Yıllar sonra yolları kesişen eski arkadaşların, dostların dudaklarından dökülen ilk sözler gibi:

''Hiç değişmemişsin''

Yıllar önce neyse şimdi de odur.

Ne bir fazla, ne bir eksik.

Zaman hiç akıp gitmemiş gibi…

Ya da tam tersi bir şaşkınlık vardır:

''Sen O olamazsın''

Zaman böyle bir şey işte…

Uzun süreli ayrılıkların ardından gelen buluşmada, bir zamanlar zayıflıktan iğne iğliğe dönmüşler, etli butlu toraman görünümü ile

''Uzamaz, böyle kalır'' denilen ufak tefekler de basketbolcuları andıran boyları ile şaşkınlık yaratır.

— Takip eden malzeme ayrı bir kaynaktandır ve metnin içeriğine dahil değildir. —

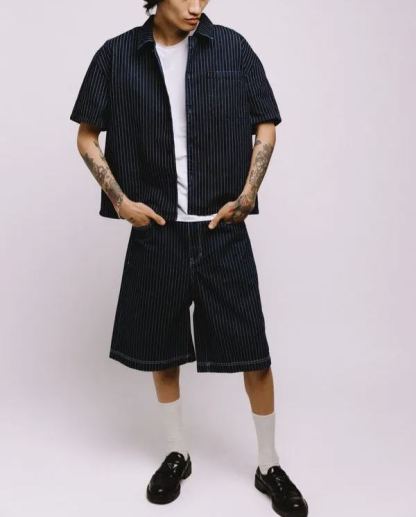 Introducing Our Short Sleeve Shirt in Blue With White Pinstripes. The shirt features one chest pocket with our signature logo embroidered into the upper left side. Cut to a refined boxy, slightly cropped fit making our short sleeve an outerwear essential.

Kentler de bir bakıma böyledir.

Kimilerinin dünden farkı yoktur.

Bıraktığın günkü gibidir…

Ne bir fazla ne bir eksik.

Gözlerden ırak, terkedilmişçesine.

Kimileri ise değişir…

Sahip olduğu doğal güzellikleri, kültürel değerleriyle, kentsel gelişim adına yapılanlarla ''Sen o olamazsın'' dedirtecek hale gelir.

Örneğin Ankara…

Uzun ayrılıklardan sonra görenlere ''sen o olamazsın'' dedirtecek noktada.

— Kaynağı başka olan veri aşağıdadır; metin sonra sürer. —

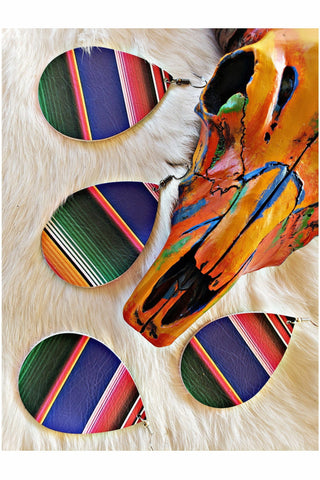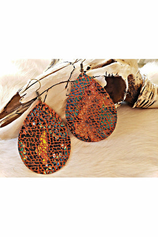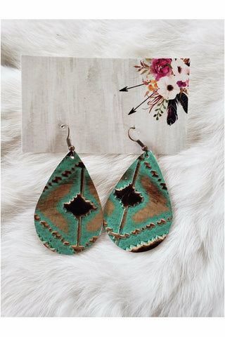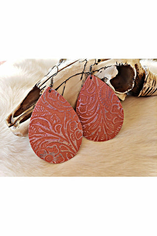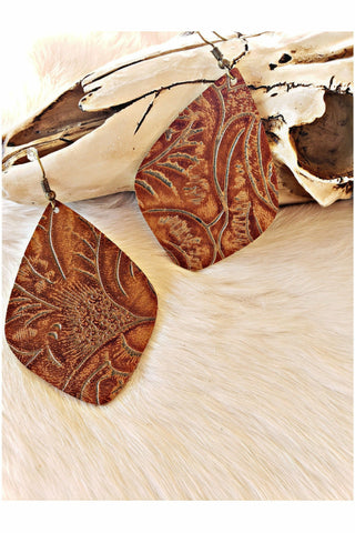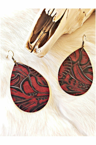 Navajo Aztec Tribal Embossed Chunky Leather Teardrop Earrings

Yılların akışı içinde çok değişti Ankara…

Gelişti, modernleşti, büyüdü, güzelleşti…

Kabuk değiştirdi…

Eksikleri yok mu?

Var elbet…

Var ama üstesinden gelinemeyecek şeyler değil.

Yeter ki azmin önüne takoz konulmasın…

Koca bir kent,

Hem de başkent

Siyasi hesaplar yüzünden, mağdur edilmesin.